No, it has nothing to do with Certus. It was really about how to allocate a fixed price contract among the users, various services, and external customer bases. It was solely about an IoT device that used to cost a certain amount per year and now costs a different amount. Certus is completely independent of that and is priced separately. Customers are purchasing it independently from our VARs, and it aligns with a competitive price range. Therefore, it won't affect Certus purchases.

Operator, Operator

And the last questions today will come from Louie DiPalma with William Blair. Please go ahead.

Louie DiPalma, Analyst

Matt, Tom and Ken; good morning.

Matt Desch, CEO

Hey, Louie.

Louie DiPalma, Analyst

Matt, you mentioned that you are receiving interest from drone providers for your new Certus 100. Are you pursuing partnerships with any of the very large consumer drone platforms?

Matt Desch, CEO

Yes. There are some very large platforms that are very interested in maybe if not primary control but a lot of those really big platforms have multiple technologies on them and there is a lot of interest because we are a very cost-effective and truly global service in those kind of environments. But we do scale down to very smaller drones as well quite well which I think is what the attraction is.

Louie DiPalma, Analyst

Great. And one final question. You previously I think mentioned how certain government users are using a commercial gateway.

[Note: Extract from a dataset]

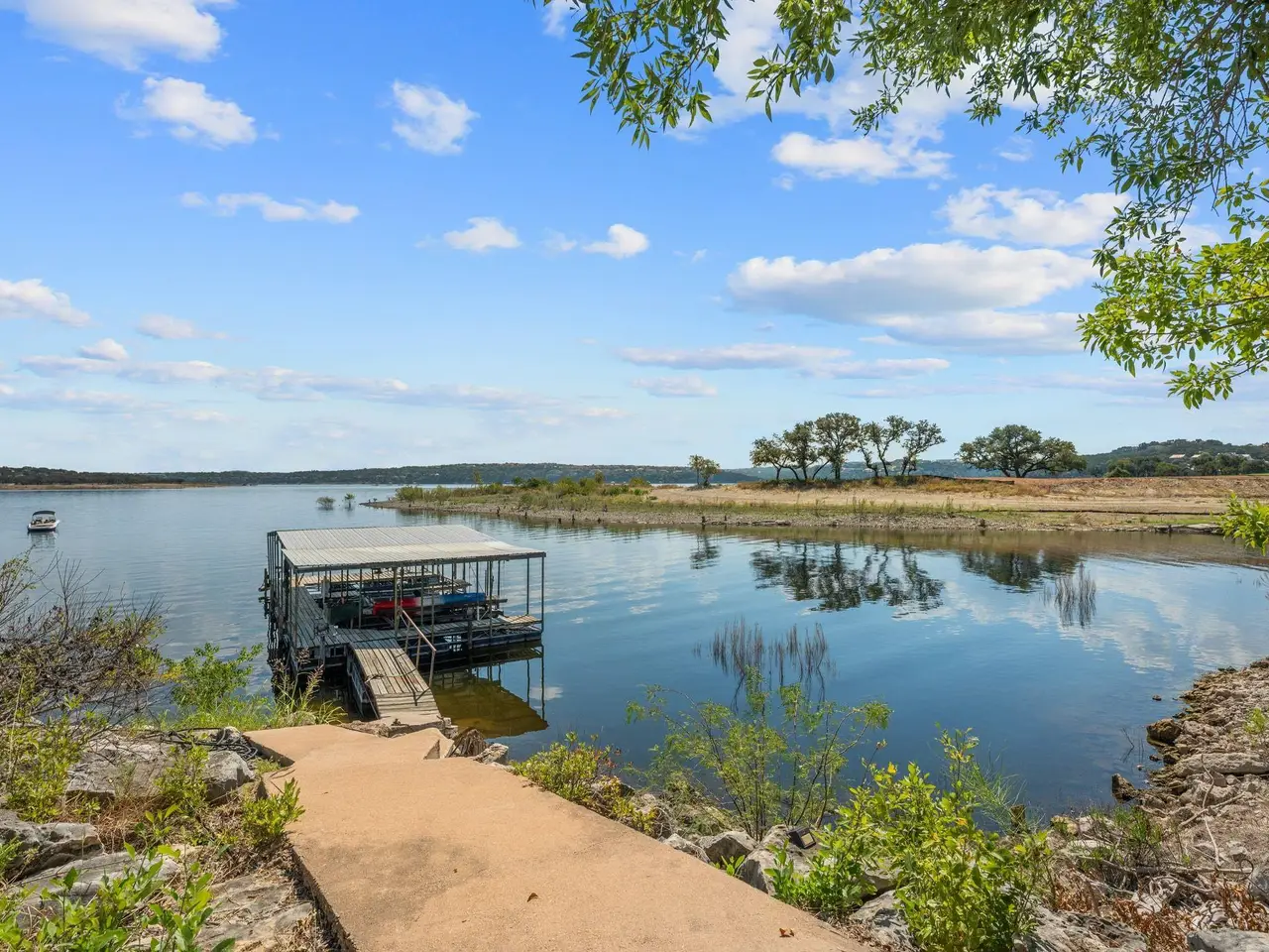 This exquisitely designed home on Lake Travis offers sweeping water and Hill Country views from its elevated perch on ~1.53 acres. The double-height living room amplifies the views through a rounded wall of windows that illuminate the open-concept floorplan with natural light. A stone fireplace anchors the space, while warm, hardwood floors and exposed timber ceilings create a refined yet relaxed ambiance perfect for both everyday living and entertaining. The kitchen boasts high-end stainless steel appliances and a generous center island where you can cook with a lake view. This level also features an ensuite bedroom, laundry, and a powder room for guests. On the upper level, there are three bedrooms, two with terrace access, as well as an additional sitting area which offers the highest elevation to take in the stunning vistas. Practical considerations include the attached 2-car garage and a smartly designed lift that reaches the second floor. Outside, enjoy an expansive covered porch, a true extension of the living space, that's ideal for morning coffee or evening stargazing thanks to the peaceful surroundings. The backyard oasis features a private boat dock for convenient water adventures. Designed with both comfort and style in mind, this home captures timeless elegance by honoring its natural setting in the Spicewood countryside. Tax and assessed values are estimates for illustration purposes only. All figures should be independently verified.

What is the status of Iridium finishing building out the US government dedicated gateway for Certus connectivity?

Matt Desch, CEO

Yes. So it's been dependent upon government budgets which start and stop. It looks like they're starting again, and so I expect that that will be completed next year, I mean I guess will be finally completed. I thought it would be this year. It hasn't stopped the government from buying services because they just buy it through the commercial gateway, but they would prefer to buy it through the government gateway. So, I know it will eventually be an additive to that. But we kind of wait for them to free up the money they need to sort of buy and contract for the work that needs to be done, but I believe that that's sort of on track to be done now. I think next year. Not necessarily at the end of next year, sometime in next year.

Louie DiPalma, Analyst

Sounds good. Thanks, everyone.

Matt Desch, CEO

Thanks, Louie.

Operator, Operator

This concludes our question-and-answer session. I would like to turn the conference back over to management for any closing remarks.

Matt Desch, CEO

Well, I'd say it was a good quarter. And I know we'll see you all I guess next in probably February as we wrap up the year and give you guidance for 2022. So, we look forward to seeing you all then and take care. Thanks.

Operator, Operator

The conference has now concluded. Thank you for attending today's presentation. You may now disconnect.